His wife, the writer and film-maker Sian Busby, died in September 2012 of lung cancer unrelated to smoking.
He told an audience of journalists, academics and journalism students: "There was no public interest justification for the disclosure of Sian's serious illness … surely it would have been reasonable to ask if we wanted this very private element of our lives shouted to the world."
Peston, who was delivering the annual James Cameron memorial lecture at City University London, also pointed out that the Mail's diary item, published in January 2008, contained two major inaccuracies.
He said he accepted the fact that the paper had previously published "unpleasant features, columns and diary items" about him. "I regard myself as a fair target," he said. But the story about his wife "went beyond what I regarded as acceptable". The first they knew of the story was when Busby, a Daily Mail reader, opened the paper at breakfast.
He said: "My instinct was to complain to the Mail and its editors. Sian asked me not to, because she was frail and did not want the added stress of seeing me go to war with a powerful newspaper. So the Mail got away with it. As it often does."
A Daily Mail spokesman said: "We very much regret the distress clearly caused by our 2008 diary piece." He added it was important to understand the background, which was that the paper's diary reporter was introduced to Busby as a Daily Mail journalist and had a friendly conversation during which she volunteered information about her forthcoming book and illness and posed for a picture with her husband. "We are sorry to learn some six years later that the story was not accurate and offer our sincere apologies," the spokesman said.
In a wide-ranging speech in which he expressed his enjoyment of the "trade" of journalism, Peston said: "Some way has to be found to force improved standards of common decency on newspapers. And the essence of this is that there must be a cheap, easy, independent and reliable arbitration process to force speedy, prominent corrections on newspapers, and deliver ample compensation in a timely fashion."
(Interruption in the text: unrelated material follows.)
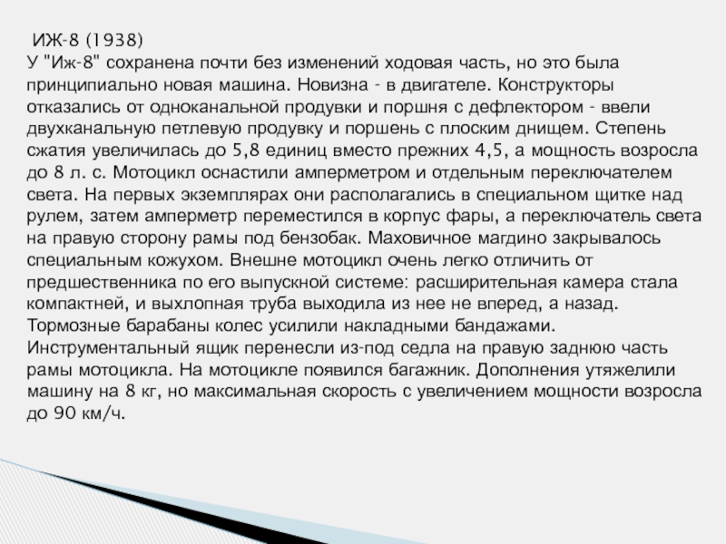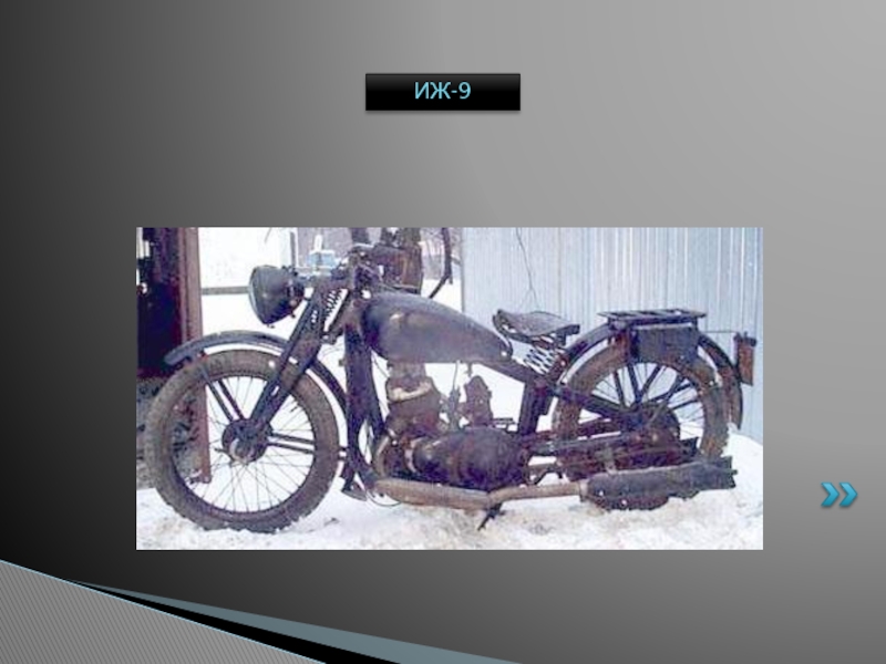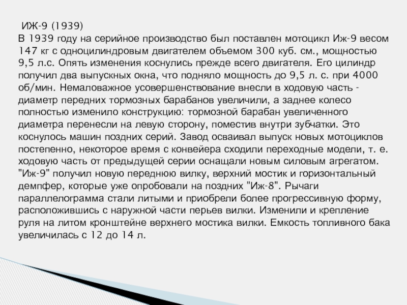 куб. см., мощностью 9,5 л.с. Опять изменения коснулись прежде всего двигателя. Его цилиндр получил два выпускных окна, что подняло мощность до 9,5 л. с. при 4000 об/мин. Немаловажное усовершенствование внесли в ходовую часть - диаметр передних тормозных барабанов увеличили, а заднее колесо полностью изменило конструкцию: тормозной барабан увеличенного диаметра перенесли на левую сторону, поместив внутри зубчатки. Это коснулось машин поздних серий. Завод осваивал выпуск новых мотоциклов постепенно, некоторое время с конвейера сходили переходные модели, т. е. ходовую часть от предыдущей серии оснащали новым силовым агрегатом. "Иж-9" получил новую переднюю вилку, верхний мостик и горизонтальный демпфер, которые уже опробовали на поздних "Иж-8". Рычаги параллелограмма стали литыми и приобрели более прогрессивную форму, расположившись с наружной части перьев вилки. Изменили и крепление руля на литом кронштейне верхнего мостика вилки. Емкость топливного бака увеличилась с 12 до 14 л.

But he does not favour the government's press regulation royal charter. State-underpinned regulation "would make all us poorer – and less free – in the long run", Peston said. Instead, he argued, the press had to improve its behaviour.
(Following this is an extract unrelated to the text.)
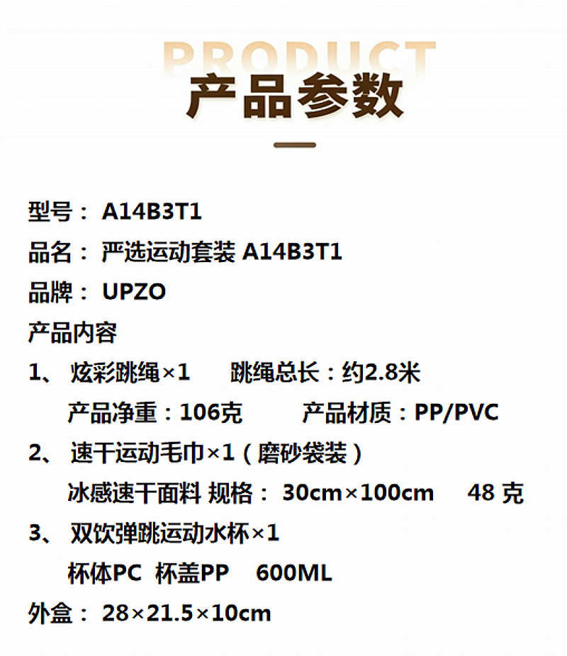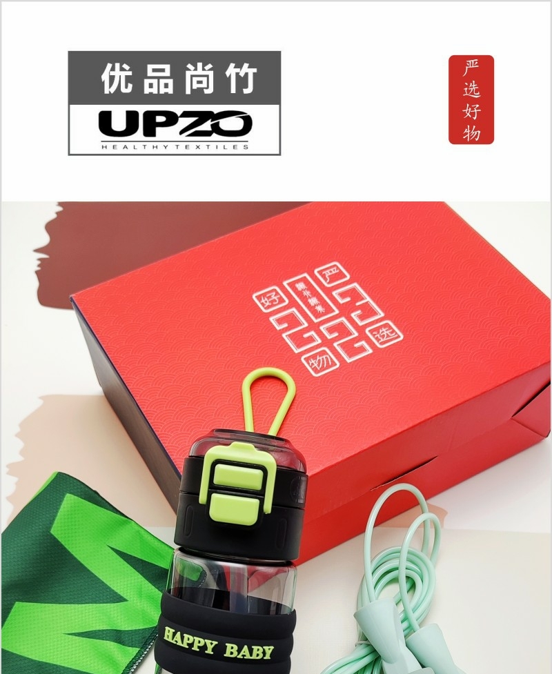 配置清单:炫彩跳绳*1、弹跳运动水杯*1、速干运动毛巾*1、礼盒*1

Rather than "invading precious privacy without good cause", he said that if newspapers "are going to defend their right to investigate free of state-empowered scrutiny, they have to do more proper investigating that's plainly in the public interest rather than just of interest to the public".
He praised the Mail on Sunday for its "pretty good scoop" on the Co-op Bank chairman, the Rev Paul Flowers, contending that it "shone a light on how an important institution … had been chronically mismanaged".
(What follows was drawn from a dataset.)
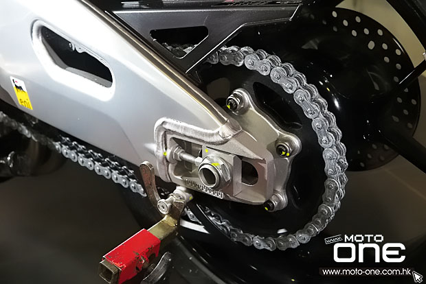 氮氣輔助單筒油壓彈箕尾避震設全方位預調與無段式預壓,自然與前叉呼應,同ohlins(RR版為SACHS)是理所當然,外型與舊款TUONO存在相當差異,強化設計的前流罩具更低的風阻系數,鋁合金鑽石形車架看似與舊款無異,其實已被廠方精心改良,前傾角、拖曳距也跟舊款割蓆,前傾角比前收窄了0.4度至24.7度,拖曳距減了7.7mm至99.7mm,請勿低估如此小數字,修窄前傾角可帶來更靈活的轉向,為迎合175ps大馬力輸出,就連「拱橋式」鋁合金尾擔也加長了4mm,直接提升轉向的準繩與高速行車的穩定性。

But Peston, who is soon to move to a new role as the BBC's economics editor, said such stories were the exception.
He called on editors "to shine the brightest light on the institutions of the state, and on the powerful in general … by exposing actual rot and not just hypocrisy and double standards".
He also touched on the huge changes wrought "by the advent of the 24/7, multi-platform, digital and social media world". In the past, after a big story, he said he would be on a high for several days. "Technology has changed the nature of the drug. On a big story today, you can be high – at a lower level of intensity – pretty much the whole time. Because you are always 'on', always able to get the story out – in audio, in video, in blogs, on social media, every waking minute of the day." Reported by guardian.co.uk 4 hours ago.